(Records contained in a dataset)

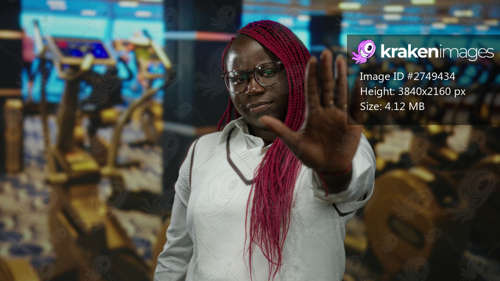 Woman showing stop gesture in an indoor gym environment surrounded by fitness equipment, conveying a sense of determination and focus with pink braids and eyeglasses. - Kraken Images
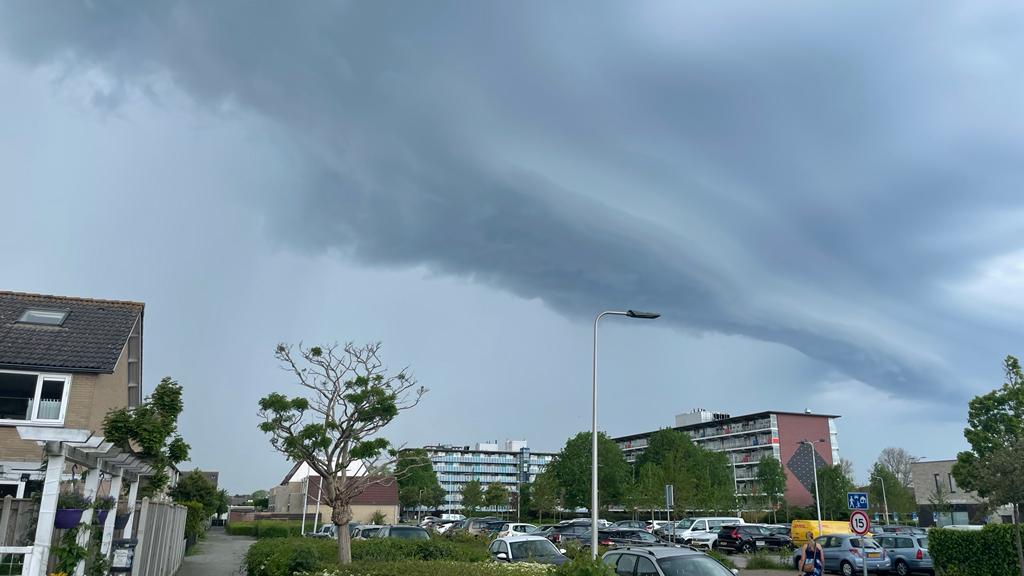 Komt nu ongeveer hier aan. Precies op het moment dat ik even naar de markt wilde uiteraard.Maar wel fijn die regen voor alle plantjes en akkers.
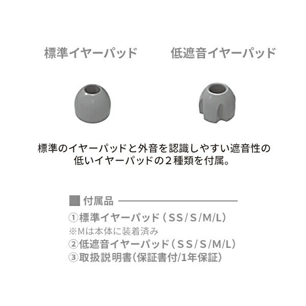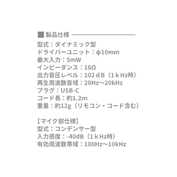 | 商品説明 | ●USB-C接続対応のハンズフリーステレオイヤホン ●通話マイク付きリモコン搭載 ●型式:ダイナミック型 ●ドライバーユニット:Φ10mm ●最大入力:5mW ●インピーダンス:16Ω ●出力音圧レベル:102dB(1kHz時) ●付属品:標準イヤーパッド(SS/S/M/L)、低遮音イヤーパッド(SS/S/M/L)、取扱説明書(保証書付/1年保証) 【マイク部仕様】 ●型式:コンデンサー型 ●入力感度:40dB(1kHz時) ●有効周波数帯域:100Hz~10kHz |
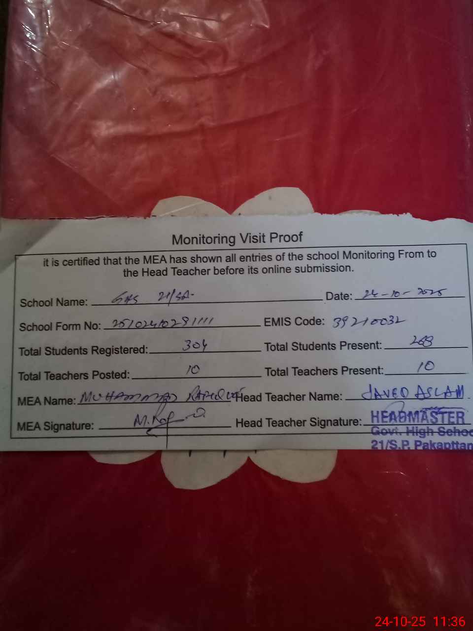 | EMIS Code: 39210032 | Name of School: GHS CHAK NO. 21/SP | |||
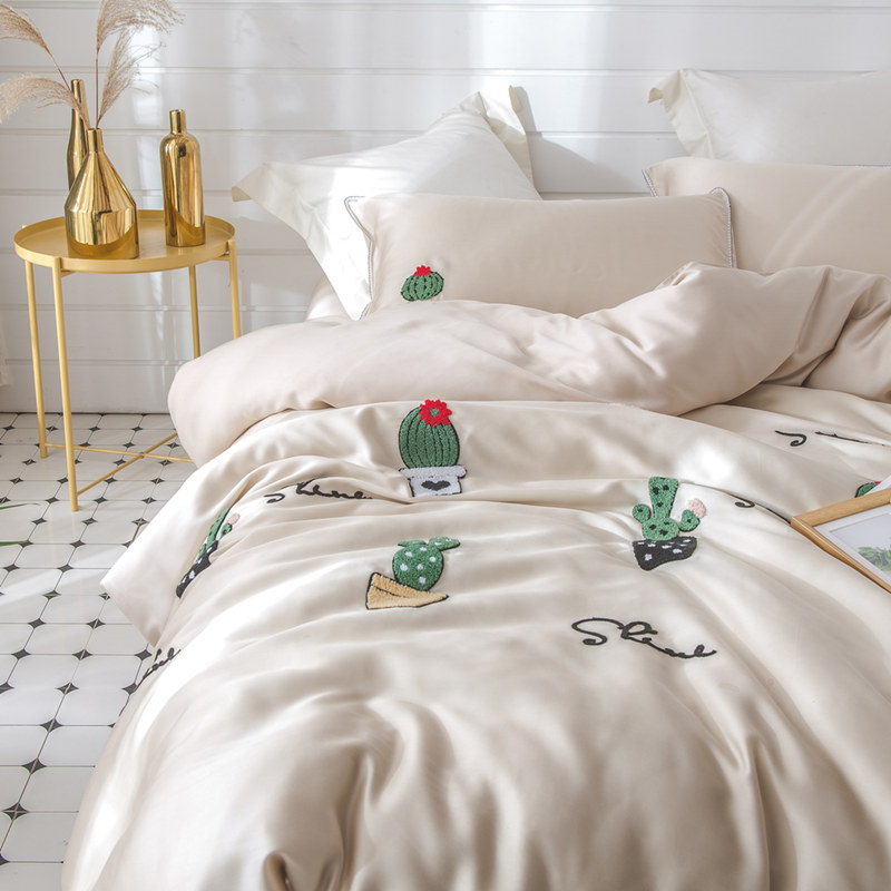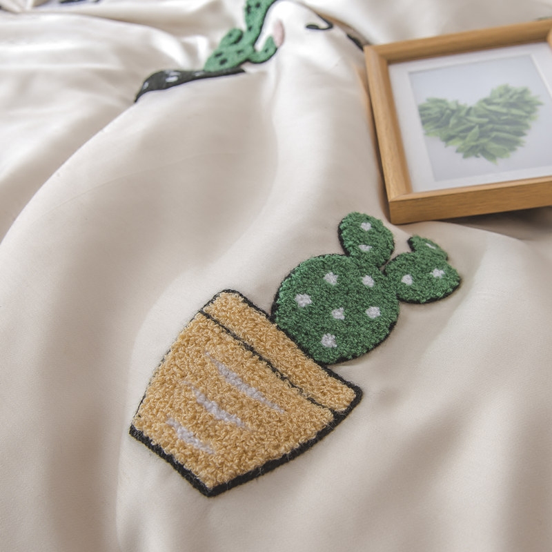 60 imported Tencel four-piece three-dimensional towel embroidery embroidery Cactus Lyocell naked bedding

*Problem statement*:
Apart from the images, please copy every line of the data exactly as written.

*Output for this exercise*:
 Woman showing stop gesture in an indoor gym environment surrounded by fitness equipment, conveying a sense of determination and focus with pink braids and eyeglasses. - Kraken Images
 Komt nu ongeveer hier aan. Precies op het moment dat ik even naar de markt wilde uiteraard.Maar wel fijn die regen voor alle plantjes en akkers.
 | 商品説明 | ●USB-C接続対応のハンズフリーステレオイヤホン ●通話マイク付きリモコン搭載 ●型式:ダイナミック型 ●ドライバーユニット:Φ10mm ●最大入力:5mW ●インピーダンス:16Ω ●出力音圧レベル:102dB(1kHz時) ●付属品:標準イヤーパッド(SS/S/M/L)、低遮音イヤーパッド(SS/S/M/L)、取扱説明書(保証書付/1年保証) 【マイク部仕様】 ●型式:コンデンサー型 ●入力感度:40dB(1kHz時) ●有効周波数帯域:100Hz~10kHz |
 | EMIS Code: 39210032 | Name of School: GHS CHAK NO. 21/SP | |||
 60 imported Tencel four-piece three-dimensional towel embroidery embroidery Cactus Lyocell naked bedding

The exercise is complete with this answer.